**Task instructions:** Copy each line of the data below exactly, leaving out pictures.

**Data below:**

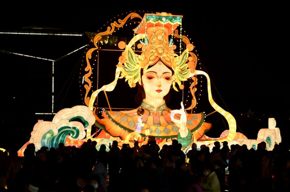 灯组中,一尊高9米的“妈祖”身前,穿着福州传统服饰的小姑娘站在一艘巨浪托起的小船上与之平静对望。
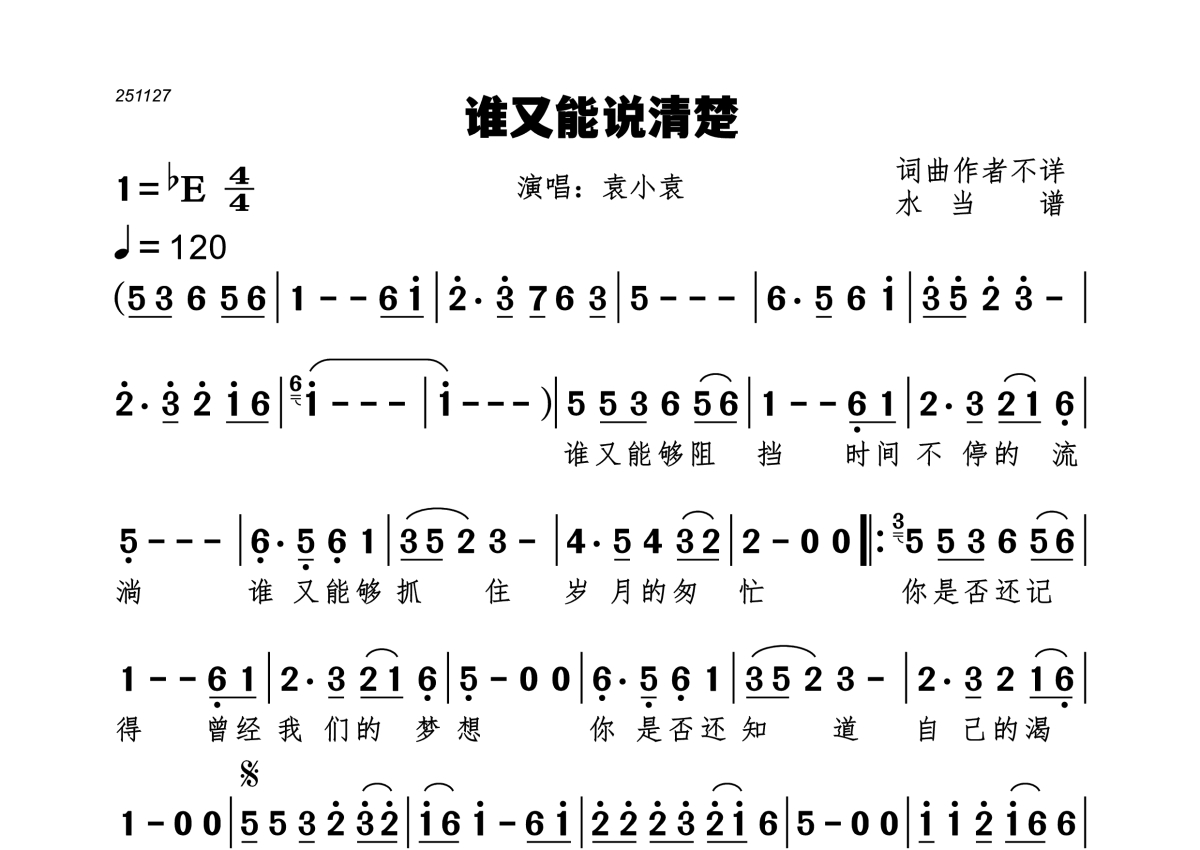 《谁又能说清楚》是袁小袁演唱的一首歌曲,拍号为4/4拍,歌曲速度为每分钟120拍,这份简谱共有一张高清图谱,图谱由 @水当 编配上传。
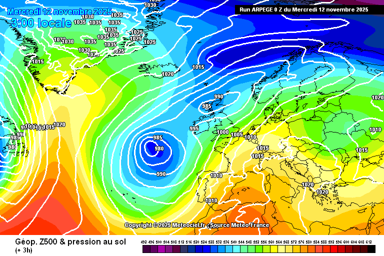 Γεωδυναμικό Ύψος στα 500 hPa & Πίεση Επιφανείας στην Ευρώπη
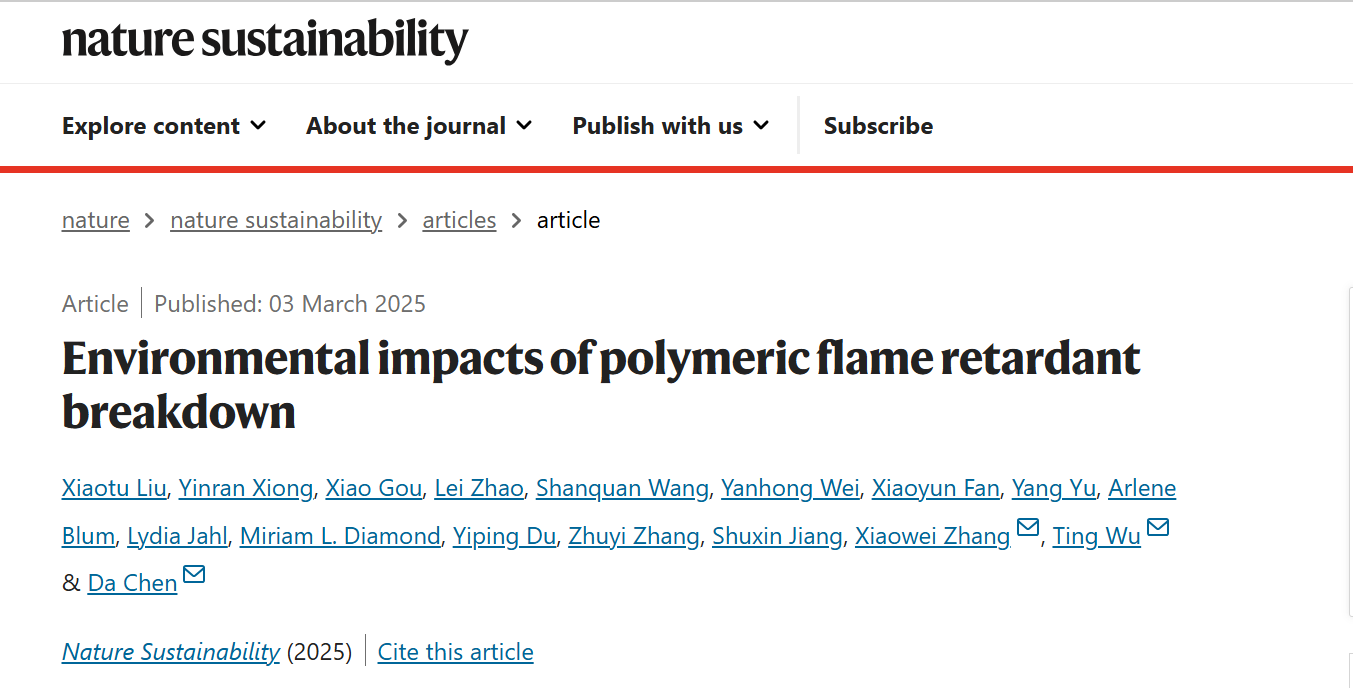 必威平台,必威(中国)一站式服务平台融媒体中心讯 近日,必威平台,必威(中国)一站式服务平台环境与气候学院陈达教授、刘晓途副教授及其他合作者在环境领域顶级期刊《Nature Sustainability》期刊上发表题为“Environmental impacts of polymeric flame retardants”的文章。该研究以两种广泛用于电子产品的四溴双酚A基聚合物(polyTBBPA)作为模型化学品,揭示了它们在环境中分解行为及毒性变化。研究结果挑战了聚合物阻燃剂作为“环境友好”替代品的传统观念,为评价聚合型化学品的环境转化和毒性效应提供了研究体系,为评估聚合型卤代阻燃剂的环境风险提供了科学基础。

**Answer to the exercise:**
 灯组中,一尊高9米的“妈祖”身前,穿着福州传统服饰的小姑娘站在一艘巨浪托起的小船上与之平静对望。
 《谁又能说清楚》是袁小袁演唱的一首歌曲,拍号为4/4拍,歌曲速度为每分钟120拍,这份简谱共有一张高清图谱,图谱由 @水当 编配上传。
 Γεωδυναμικό Ύψος στα 500 hPa & Πίεση Επιφανείας στην Ευρώπη
 必威平台,必威(中国)一站式服务平台融媒体中心讯 近日,必威平台,必威(中国)一站式服务平台环境与气候学院陈达教授、刘晓途副教授及其他合作者在环境领域顶级期刊《Nature Sustainability》期刊上发表题为“Environmental impacts of polymeric flame retardants”的文章。该研究以两种广泛用于电子产品的四溴双酚A基聚合物(polyTBBPA)作为模型化学品,揭示了它们在环境中分解行为及毒性变化。研究结果挑战了聚合物阻燃剂作为“环境友好”替代品的传统观念,为评价聚合型化学品的环境转化和毒性效应提供了研究体系,为评估聚合型卤代阻燃剂的环境风险提供了科学基础。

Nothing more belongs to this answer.